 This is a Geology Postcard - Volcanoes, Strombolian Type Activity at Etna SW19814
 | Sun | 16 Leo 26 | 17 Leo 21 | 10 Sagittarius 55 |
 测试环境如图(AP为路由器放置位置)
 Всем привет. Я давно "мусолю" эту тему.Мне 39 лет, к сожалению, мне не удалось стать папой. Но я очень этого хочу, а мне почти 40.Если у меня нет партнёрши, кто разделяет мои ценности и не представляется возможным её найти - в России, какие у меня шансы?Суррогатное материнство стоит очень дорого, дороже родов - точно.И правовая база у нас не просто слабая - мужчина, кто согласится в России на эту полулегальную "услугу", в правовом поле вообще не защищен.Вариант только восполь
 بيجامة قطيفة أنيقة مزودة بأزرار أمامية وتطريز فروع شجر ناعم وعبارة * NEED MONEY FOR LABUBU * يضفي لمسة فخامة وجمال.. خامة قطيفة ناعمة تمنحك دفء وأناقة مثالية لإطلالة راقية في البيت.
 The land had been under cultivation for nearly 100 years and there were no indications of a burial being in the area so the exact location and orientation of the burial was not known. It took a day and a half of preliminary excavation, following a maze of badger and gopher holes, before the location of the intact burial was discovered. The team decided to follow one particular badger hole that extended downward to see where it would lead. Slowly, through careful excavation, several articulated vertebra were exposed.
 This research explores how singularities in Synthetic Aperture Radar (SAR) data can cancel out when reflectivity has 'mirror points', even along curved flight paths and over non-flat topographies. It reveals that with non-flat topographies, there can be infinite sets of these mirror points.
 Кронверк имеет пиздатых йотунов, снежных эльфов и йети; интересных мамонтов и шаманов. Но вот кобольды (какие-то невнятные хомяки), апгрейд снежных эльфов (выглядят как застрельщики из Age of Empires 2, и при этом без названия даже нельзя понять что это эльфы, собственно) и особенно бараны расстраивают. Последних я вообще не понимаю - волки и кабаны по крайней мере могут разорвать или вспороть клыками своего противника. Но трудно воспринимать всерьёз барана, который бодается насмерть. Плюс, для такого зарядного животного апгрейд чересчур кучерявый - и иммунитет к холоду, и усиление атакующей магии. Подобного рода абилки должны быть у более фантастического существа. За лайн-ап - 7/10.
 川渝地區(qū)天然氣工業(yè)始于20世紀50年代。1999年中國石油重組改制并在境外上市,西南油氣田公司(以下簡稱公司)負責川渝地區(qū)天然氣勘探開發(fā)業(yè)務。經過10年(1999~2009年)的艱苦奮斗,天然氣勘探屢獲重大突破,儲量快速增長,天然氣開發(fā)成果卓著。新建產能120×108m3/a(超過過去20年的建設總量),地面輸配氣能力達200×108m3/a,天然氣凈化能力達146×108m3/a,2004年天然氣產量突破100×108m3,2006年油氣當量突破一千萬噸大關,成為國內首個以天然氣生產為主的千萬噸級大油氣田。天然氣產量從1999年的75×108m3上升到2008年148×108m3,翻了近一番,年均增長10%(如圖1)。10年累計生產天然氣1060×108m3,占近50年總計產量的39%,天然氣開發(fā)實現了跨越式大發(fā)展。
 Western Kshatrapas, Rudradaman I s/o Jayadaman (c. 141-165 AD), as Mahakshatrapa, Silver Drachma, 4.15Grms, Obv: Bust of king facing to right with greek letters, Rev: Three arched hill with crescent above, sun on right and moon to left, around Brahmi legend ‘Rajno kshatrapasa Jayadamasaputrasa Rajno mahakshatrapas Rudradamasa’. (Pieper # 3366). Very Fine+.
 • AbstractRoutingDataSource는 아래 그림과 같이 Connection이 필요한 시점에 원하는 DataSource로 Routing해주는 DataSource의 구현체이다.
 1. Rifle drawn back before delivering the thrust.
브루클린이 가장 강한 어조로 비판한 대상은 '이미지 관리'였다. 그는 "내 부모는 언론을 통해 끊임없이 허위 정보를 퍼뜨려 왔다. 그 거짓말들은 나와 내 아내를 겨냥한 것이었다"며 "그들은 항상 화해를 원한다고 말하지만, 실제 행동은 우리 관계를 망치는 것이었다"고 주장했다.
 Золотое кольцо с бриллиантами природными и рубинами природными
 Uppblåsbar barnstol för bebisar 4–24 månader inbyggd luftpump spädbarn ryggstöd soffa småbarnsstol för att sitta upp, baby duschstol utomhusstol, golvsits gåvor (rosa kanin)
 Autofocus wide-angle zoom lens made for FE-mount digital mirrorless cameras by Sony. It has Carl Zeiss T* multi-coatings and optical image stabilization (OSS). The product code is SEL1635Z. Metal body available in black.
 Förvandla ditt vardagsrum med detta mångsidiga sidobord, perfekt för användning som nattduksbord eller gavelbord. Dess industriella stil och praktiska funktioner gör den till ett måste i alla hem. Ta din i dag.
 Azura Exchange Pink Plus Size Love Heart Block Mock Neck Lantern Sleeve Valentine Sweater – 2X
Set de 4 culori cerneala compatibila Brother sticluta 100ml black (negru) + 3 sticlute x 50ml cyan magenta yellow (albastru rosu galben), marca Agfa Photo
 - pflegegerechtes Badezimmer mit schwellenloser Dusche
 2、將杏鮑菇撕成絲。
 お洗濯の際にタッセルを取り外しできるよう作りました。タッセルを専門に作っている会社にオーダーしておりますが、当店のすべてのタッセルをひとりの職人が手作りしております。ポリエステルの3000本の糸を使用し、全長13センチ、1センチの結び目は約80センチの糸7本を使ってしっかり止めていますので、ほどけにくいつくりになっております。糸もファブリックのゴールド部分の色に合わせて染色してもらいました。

____________________

- [What you need to do] Please transcribe only the lines in the records above running from the line that has "Western Kshatrapas, Rudradaman" through the line that has "Золотое кольцо с", both included, exactly as they appear.

- [Response]
 Western Kshatrapas, Rudradaman I s/o Jayadaman (c. 141-165 AD), as Mahakshatrapa, Silver Drachma, 4.15Grms, Obv: Bust of king facing to right with greek letters, Rev: Three arched hill with crescent above, sun on right and moon to left, around Brahmi legend ‘Rajno kshatrapasa Jayadamasaputrasa Rajno mahakshatrapas Rudradamasa’. (Pieper # 3366). Very Fine+.
 • AbstractRoutingDataSource는 아래 그림과 같이 Connection이 필요한 시점에 원하는 DataSource로 Routing해주는 DataSource의 구현체이다.
 1. Rifle drawn back before delivering the thrust.
브루클린이 가장 강한 어조로 비판한 대상은 '이미지 관리'였다. 그는 "내 부모는 언론을 통해 끊임없이 허위 정보를 퍼뜨려 왔다. 그 거짓말들은 나와 내 아내를 겨냥한 것이었다"며 "그들은 항상 화해를 원한다고 말하지만, 실제 행동은 우리 관계를 망치는 것이었다"고 주장했다.
 Золотое кольцо с бриллиантами природными и рубинами природными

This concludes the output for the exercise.